Today, a data lake is defined as a data storage repository that centralizes, organizes, and protects large amounts of structured, semi-structured, and unstructured data from multiple sources. Unlike data warehouses that follow a schema-on-write approach (data is structured as it enters the warehouse), data lakes follow a schema-on-read approach where data can be structured at query-time based on user needs.

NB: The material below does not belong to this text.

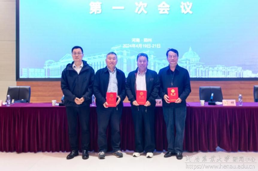 刘祥为兽医寄生虫病防治团体标准分委会主任委员、河南农业大学张龙现教授,副主任委员、南京农业大学李祥瑞教授,副主任委员、华中农业大学赵俊龙教授颁发聘书。

As a result, organizations using a data lake have more flexibility to analyze their data in new ways, develop meaningful insights, and uncover valuable new use cases for enterprise data.

 

How Does Data Lake Architecture Work?

Data lakes can be designed and architected in different ways. Integrating with existing enterprise software tools, they can deliver the capabilities that help companies store and analyze log files at scale.

 

Four Key Functions of an Enterprise Data Lake Solution

  1. Data Ingest - Data lake solutions ingest and aggregate data from a variety of sources. Aggregating data from throughout the organization’s IT infrastructure (e.g. networks, cloud services, applications, devices, etc.) creates a centralized repository where users can access and analyze many different types of enterprise data.
  2. Data Storage - Data lake solutions require cost-effective storage of structured, unstructured, and semi-structured data with unlimited capacity to scale. The cloud object storage utilities offered by public cloud vendors like AWS and GCP provide the most durable, scalable, and cost-effective storage repository for enterprise data.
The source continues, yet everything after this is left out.